Diese Daten zeigen, dass bei ähnlicher Witterungssituation wie 2011 im heurigen Jahr die EU-Vorgaben nicht mehr eingehalten werden können und daher Vertragsverletzungsverfahren drohen. Das könnte teuer werden, denn bei Verhängung finanzieller Sanktionen gegen Österreich beträgt der Mindestpauschalbetrag bei anhaltender Vertragsverletzung derzeit rd. 2,2 Mio. Euro, weiters ist ein Zwangsgeld zwischen 2.700 bis 162.000 Euro pro Tag bis zur Beendigung des Verstoßes möglich.

Umwelt-Landesrat Rudi Anschober startet daher heute eine Initiative bei der Bundesregierung und bei den anderen Bundesländern, damit ein gemeinsamer Arbeitsprozess für wirksame Maßnahmen gestartet wird. Ziel muss sein, dass bis Sommer Einigung über Zusatzmaßnahmen vorliegen und umgesetzt werden. Eine ganze Reihe von Maßnahmen im Zuständigkeitsbereich der Bundesregierung, die etwa bei der letzten Landesumweltreferentenkonferenz vor einem halben Jahr beschlossen wurden, sind bis heute nicht verwirklicht. Aber auch Oberösterreich selbst müsse stärker aktiv werden, vor allem durch eine Verkehrswende - hin zu mehr öffentlichem Verkehr und weniger Emissionen aus dem motorisierten Individualverkehr. LR Anschober will verhindern, dass ähnlich wie beim Klimaschutz aufgrund jahrelanger politischer Versäumnisse hohe Strafzahlungen erfolgen.

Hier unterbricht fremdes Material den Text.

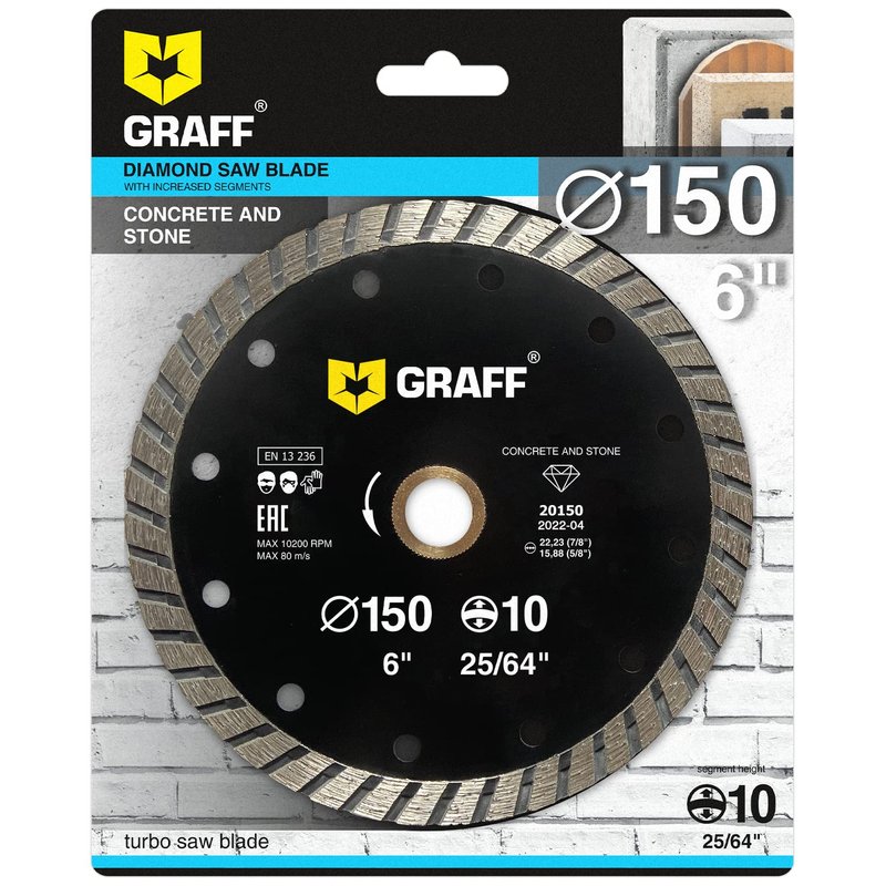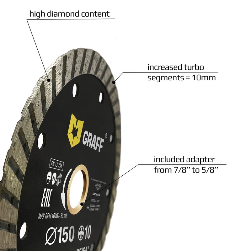 - UNIVERSAL: Diamond blade for angle grinder is designed for domestic use and DIY. GRAFF turbo cutting disc is intended for working with concrete, artificial stone, paving flag and kerb.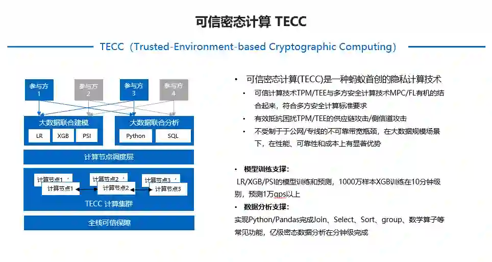 为此,蚂蚁集团在可信隐私计算技术框架下首创可信密态计算技术,(Trusted-Environment-based Cryptographic Computing,简称 TECC),将可信计算技术 TPM、TEE 与多方安全计算技术 MPC、联邦学习 FL 有机的结合起来,符合多方安全计算标准要求,有效抵抗困扰 TPM、TEE 的供应链攻击、侧信道攻击问题。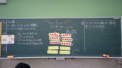 という問題をしました。ブロックを使ったり図を描いたりしながら考え,友だちと考えを交流しました。

Die zusätzlichen Maßnahmen bestehen im wesentlichen aus einer Beschleunigung der Energiewende und einer Verwirklichung einer echten Verkehrswende. Durch die vollständige Umsetzung der Energiewende wird in Oberösterreich die PM10-Emission um fast 60 Prozent und die NOx-Emissionen um 36 Prozent sinken. Und Verkehrswende bedeutet: drastisches Umlenken der Investitionsmittel vom Straßenbau hin zur Attraktivierung des öffentlichen Verkehrs - mit dem Ziel, viele Menschen zum Umsteigen zu bewegen und etwa den Anteil jener Einpendler/innen nach Linz, die Öffis benutzen, zu verdoppeln. Das heißt weniger Autoverkehr, weniger Staus, weniger Emissionen, aber auch mehr Bequemlichkeit und Zeitersparnis für die Pendler/innen.